1

Trying to register a Doctrine EventSubscriber but nothing is ever actually fired.

I have, on the Entity, in question, set the @ORM\HasLifeCycleCallbacks annotation.

Here's the Subscriber:

<?php

namespace App\Subscriber;

use App\Entity\User;
use Doctrine\Common\EventSubscriber;
use Doctrine\ORM\Event\LifecycleEventArgs;
use Doctrine\ORM\Event\PreUpdateEventArgs;
use Doctrine\ORM\Events;
use Symfony\Component\Security\Core\Encoder\UserPasswordEncoderInterface;

class UserPasswordChangedSubscriber implements EventSubscriber
{
    private $passwordEncoder;

    public function __construct(UserPasswordEncoderInterface $passwordEncoder)
    {
        $this->passwordEncoder = $passwordEncoder;
    }

     public function getSubscribedEvents()
    {
        return [Events::prePersist, Events::preUpdate, Events::postLoad];
    }

    public function prePersist(LifecycleEventArgs $args)
    {
        $entity = $args->getEntity();

        if (!$entity instanceof User) {
            return null;
        }

        $this->updateUserPassword($entity);
    }

    public function preUpdate(PreUpdateEventArgs $event)
    {
        $entity = $event->getEntity();

        if (!$entity instanceof User) {
            return null;
        }

        $this->updateUserPassword($entity);
    }

    private function updateUserPassword(User $user)
    {
        $plainPassword = $user->getPlainPassword();

        if (!empty($plainPassword)) {
            $encodedPassword = $this->passwordEncoder->encodePassword($user, $plainPassword);
            $user->setPassword($encodedPassword);
            $user->eraseCredentials();
        }
    }
}

The part that is making this particuarly frustrating is that this same code and configuration was fine in Symfony 3 whe autowiring was turned off and I manually coded all my services.
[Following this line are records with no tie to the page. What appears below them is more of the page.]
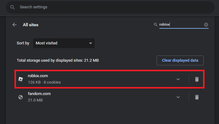 Clear the Roblox site data and cookies
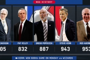 (神算子帕特·萊利832場(chǎng)第2少,波波維奇887場(chǎng)第3少,紅衣主教奧爾巴赫953場(chǎng)排在第5)
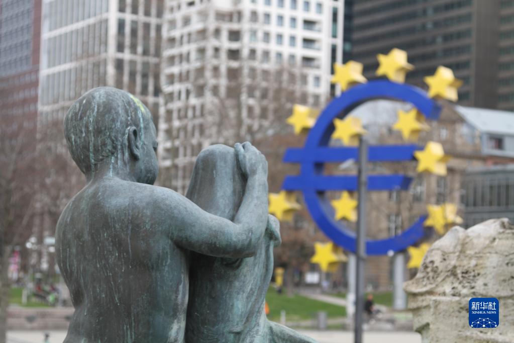 這是2月24日在德國法蘭克福拍攝的歐元雕塑和一座噴泉雕塑。
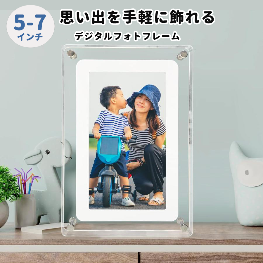 【展示品】充電式 デジタルフォトフレーム 5インチ 7インチ 写真立て アルバム アクリル 動画フレーム 8GBバッテリ プレゼント 両親 卒業式 おもいでばこ
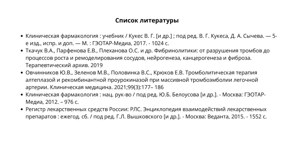 Список литературыКлиническая фармакология : учебник / Кукес В. Г. [и др.] ; под ред. В. Г. Кукеса, Д. А. Сычева. — 5е изд., испр. и доп. — М. : ГЭОТАР-Медиа, 2017. - 1024 с.
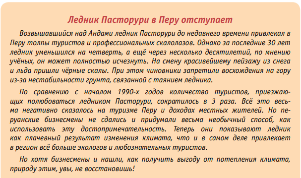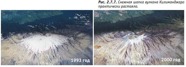 Чрезвычайно быстро отступают ледники в Перу. За последние 30 лет их площадь уменьшилась, по самым скромным подсчётам, на треть. Катастрофа настигла вулкан Килиманджаро в Африке: знаменитая ледовая шапка, прославленная некогда американским писателем Э. Хемингуэем в рассказе «Снега Килиманджаро», практически растаяла!
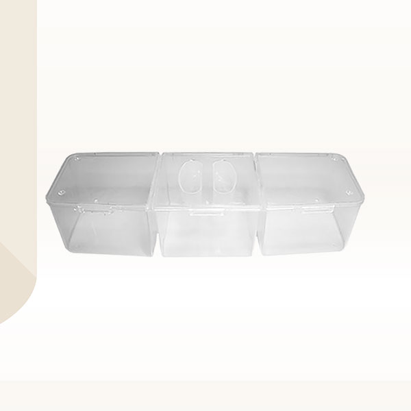 Pravougani klaser za ukrase beloj u beloj boji ima tri pregrade i idealan je za držanje sitnih dodatak za nokte u vašem salonu. Dimenzije su 220x69x52 mm.
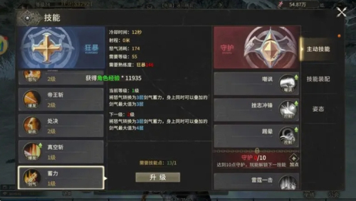 2、旋风斩可对周围敌人造成持续范围伤害,而暴怒一击则是隐藏的致命技能,能在积累怒气后瞬间释放巨额伤害。狂暴姿态被视为核心技能之一,开启后攻击力大幅提升,但防御会有所下降,需要玩家谨慎把握时机。
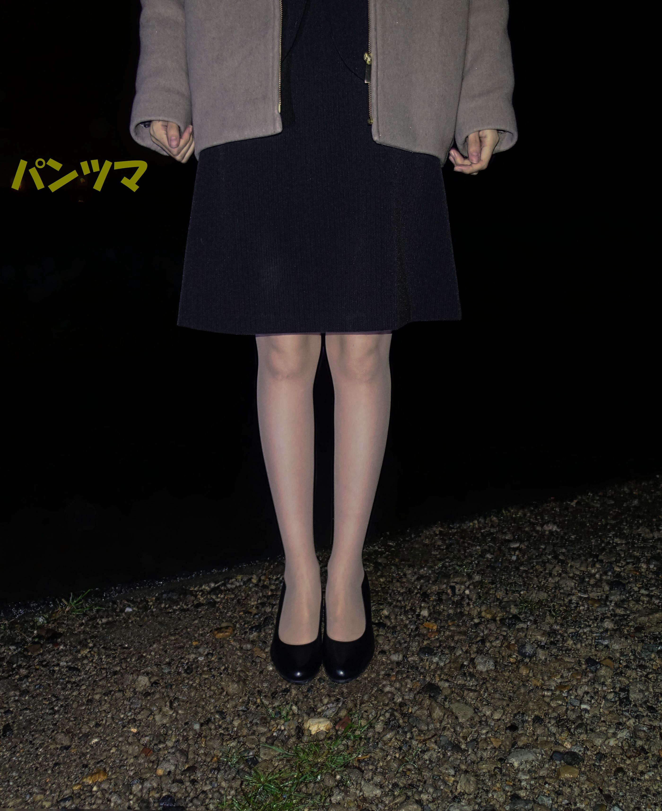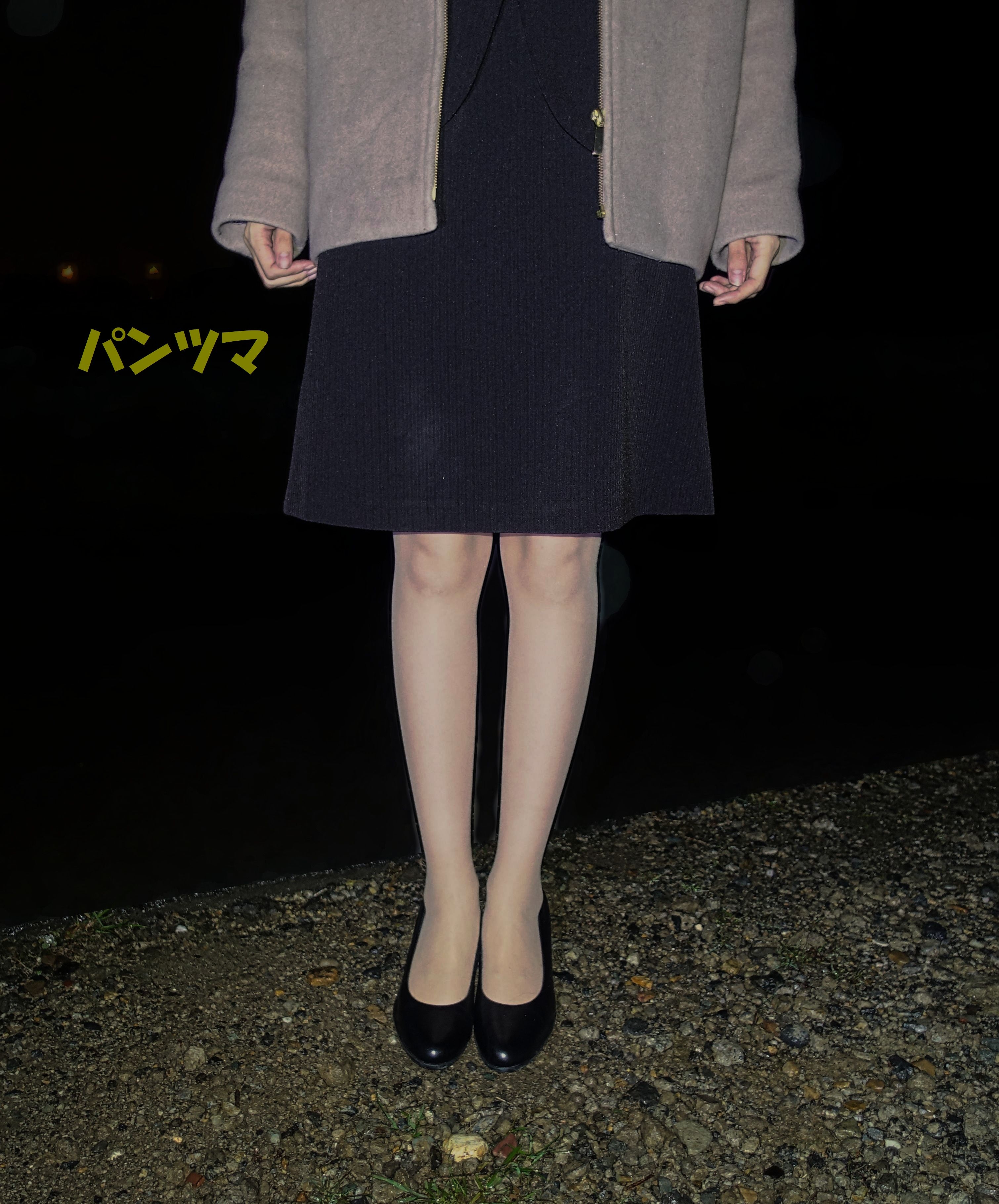 スリムな女性ですが、しゃがむとパンスト太ももにボリューム感が出ますね!
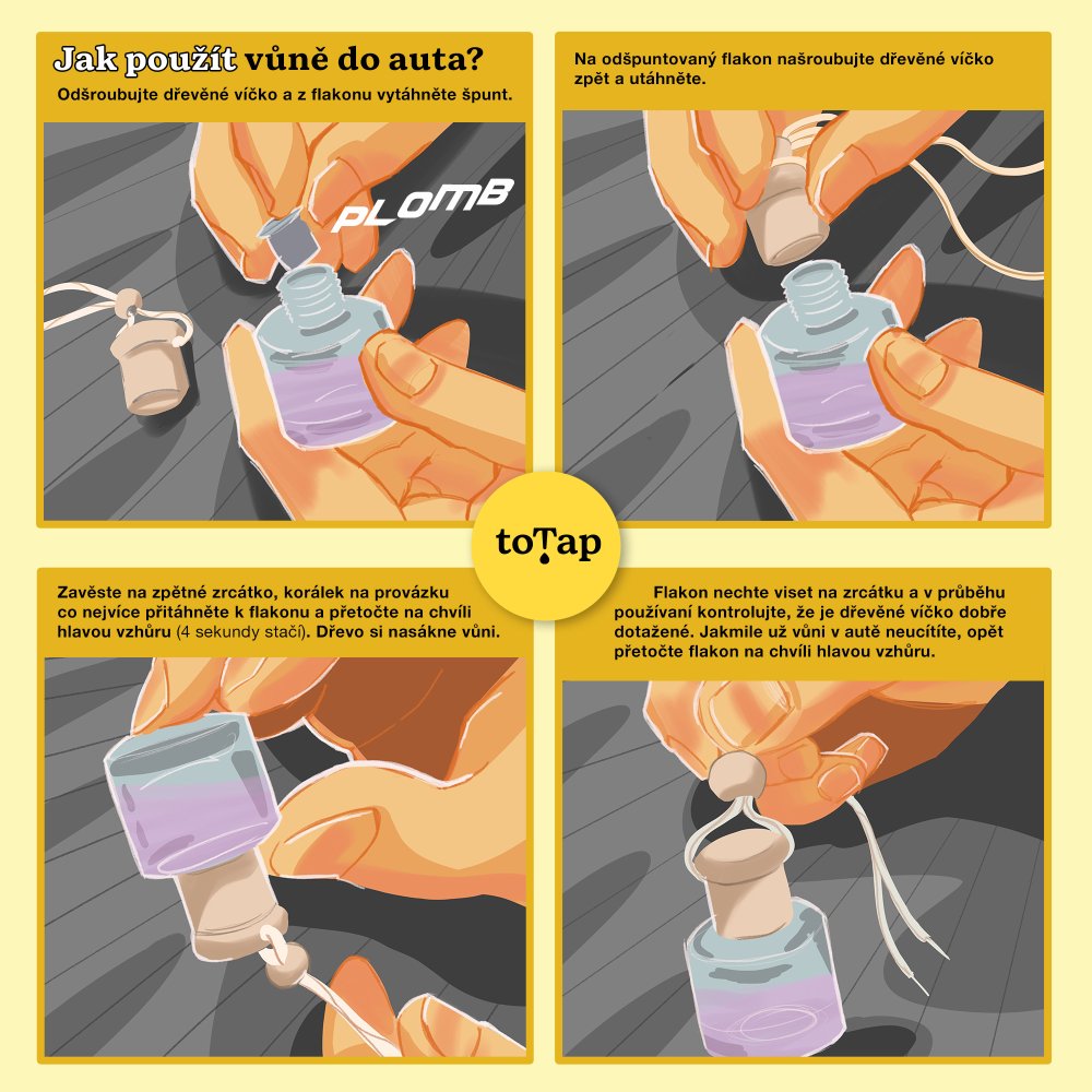 - Klips - pokud chcete flakon připevnit na ventilaci
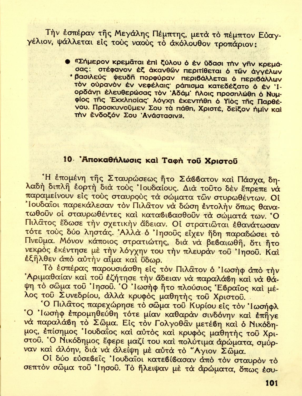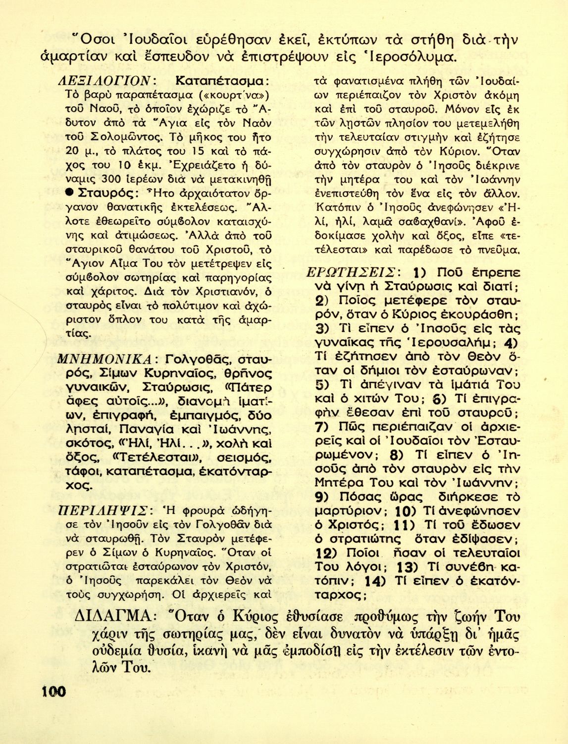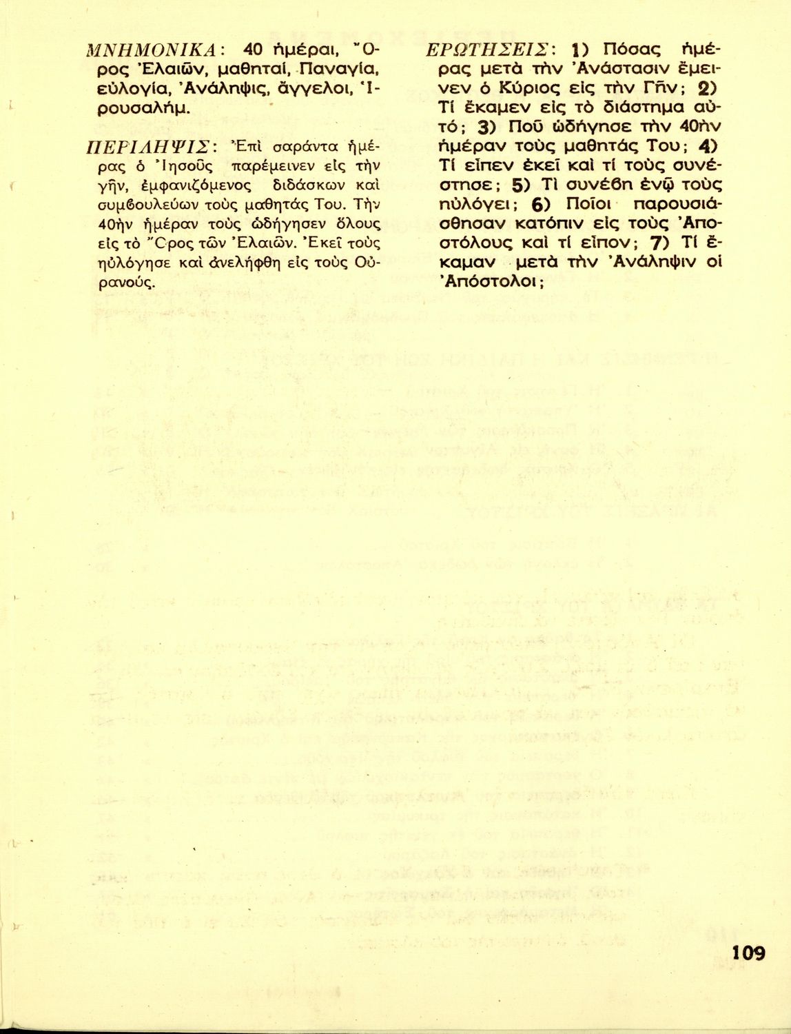 Βαθμίδα εκπαίδευσης: Πρωτοβάθμια Τάξη: Δ' Δημοτικού Μάθημα: Θρησκευτικά Γλώσσα: Καθαρεύουσα Παρουσίαση περιεχομένου: Μαθητικό βοήθημα Θρησκευτικών Δ΄ Δημοτικού που αποτελεί μια εξιστόρηση της Καινής Διαθήκης από τη γέννηση της Θεοτόκου μέχρι την ανάληψη του Χριστού. |
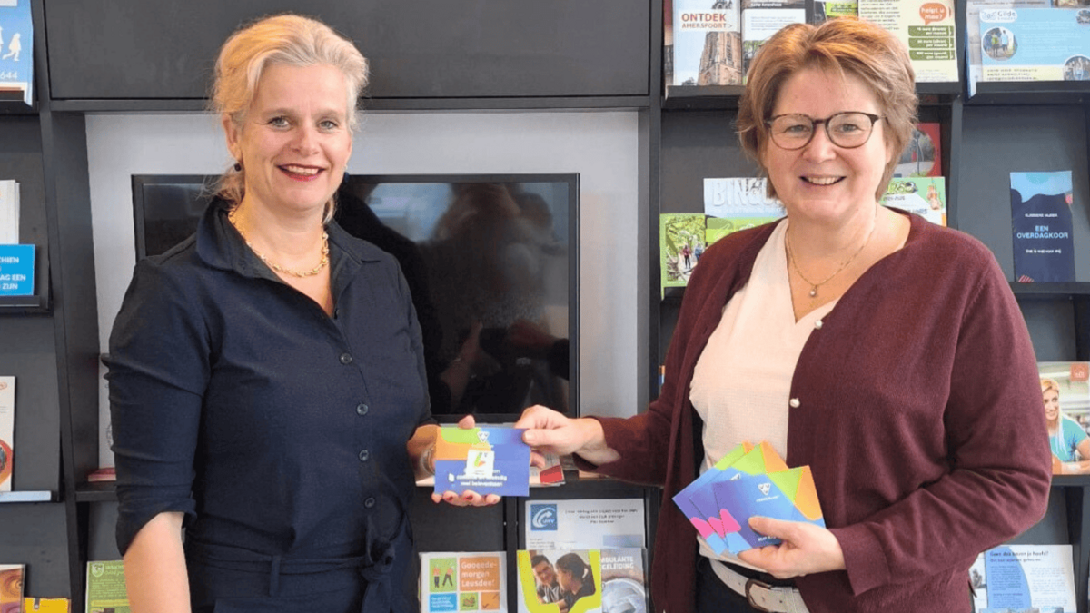 Alle pleeggezinnen en gezinshuizen die aangesloten zijn bij De Gezinsparaplu krijgen een cadeaubon. Lisa Finnema, gezinsparaplucoördinator voor Leusden, Stoutenburg en Achterveld, neemt de cadeaubonnen in ontvangst en bezorgt ze bij al deze gezinnen.
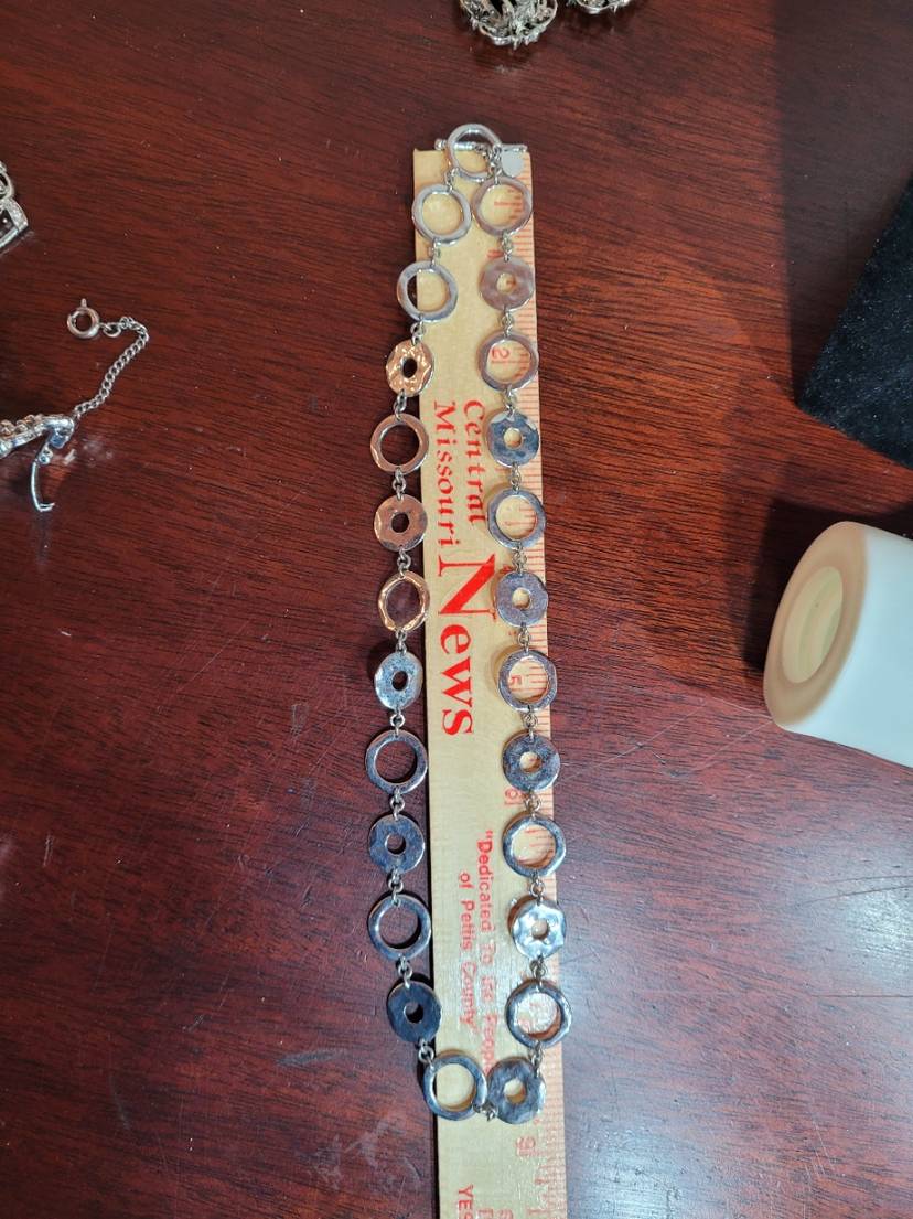 This lot includes 2 necklaces a bracelet and clip on earring set. The bracelet and earrings are not marked but do match with silver tone and mirror/glass pieces. The bracelet is heavy with a fold over clasp and safety chain. The earrings MATCH and are CLIP ON Earrings are about 1 inch in length. Bracelet is 7 inches in length. Also included is a lovely silver tone loop chain that has a mark on it I have no been able to identify. It is NOT flimsy. It is about 17 inches in length with a toggle clasp. The last necklace has no clasp, but had various metal beads as well as shell in black, silver and gold tones. It appears to be on a cord, but is very well made. All pieces are included in this LOT.
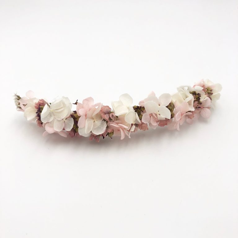 - Fleurs stabilisées haute-qualité (hortensias blanches et rose pâle)
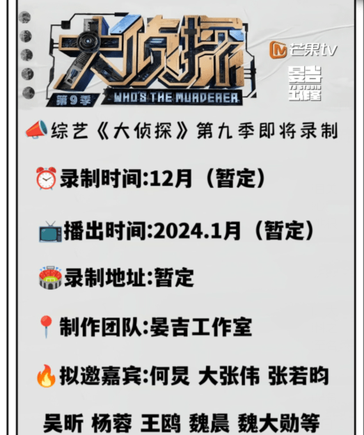 眼看着十月进入尾声,由芒果台独家打造的《明星大侦探》第九季也如约而至,进入到了招商、录制筹备阶段。按照网友的爆料,《明侦9》将于12月展开录制,最迟1月底便会上线与观众见面,相比前几季录制时间和上线时间都有所推迟,但好饭不怕玩,高质量的节目值得等待。
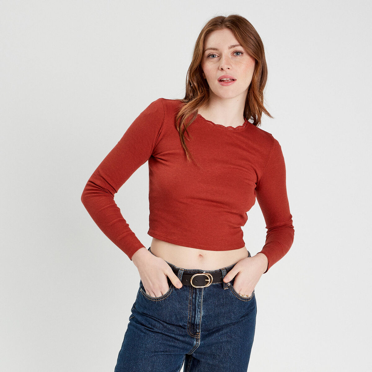 T-shirt cropped côtelé marron femme
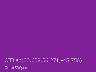 CIELab 33.658,56.271,-45.756 Color is a normal purple color and the nearest color is Seance #731e8f. Hex code #7f2099 and RGB value is rgb(127,32,153). In RGB color space, this color is composed of 50% red, 13% green, 60% blue, In CMYK color space, this color is composed of 17% cyan, 79% magenta, 0% yellow , 40% black , In HSL color space, this color has a hue angle of 287° , 65% saturation and 36% lightness.
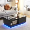 Modern LED Coffee Table with 2 Drawers and 16 Colors LED Lights, High Glossy Rectangle Coffee End Table for Living Room, Black
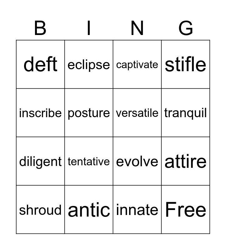 This bingo card has 16 words: antic, attire, captivate, deft, diligent, eclipse, evolve, innate, inscribe, posture, shroud, stifle, tentative, tranquil, versatile and Free.
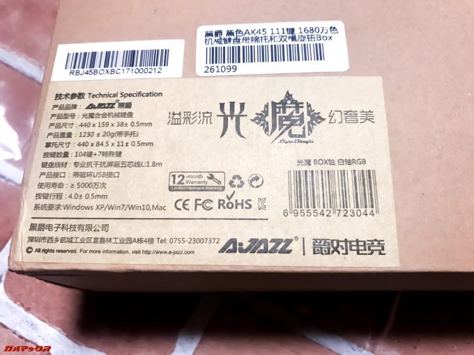 ▼裏には中国語で簡単なスペックが表記されています。↓
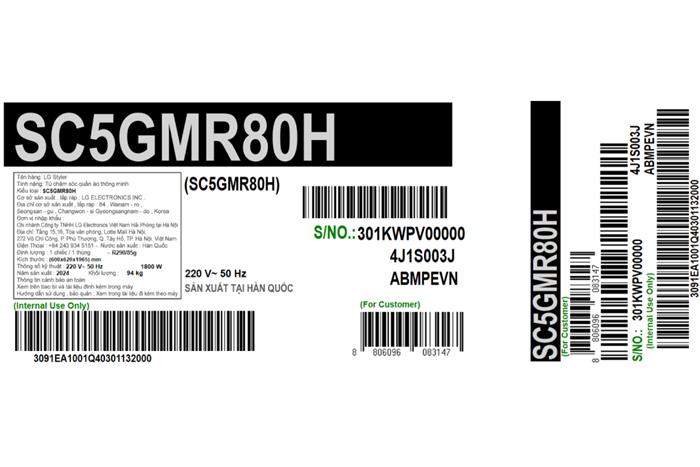 Tủ chăm sóc quần áo thông minh LG Styler Inverter 5 móc SC5GMR80H
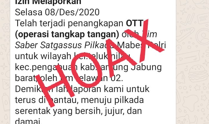 “Itu tidak benar, Hoax,” ujarnya Selasa (8/12/20) malam.

However, now, even if I manually code up a service entry for this, in the usual way, still nothing happens.

EDIT:

Here is my services.yaml after trying what suggested Domagoj from the Symfony docs:

App\Subscriber\UserPasswordChangedSubscriber:
        tags:
            - { name: doctrine.event_subscriber, connection: default }

It didn't work. Interestingly, If I un-implement the EventSubscriber interface, Symfony throws an exception (rightly). Yet my break points in the code are completely ignored.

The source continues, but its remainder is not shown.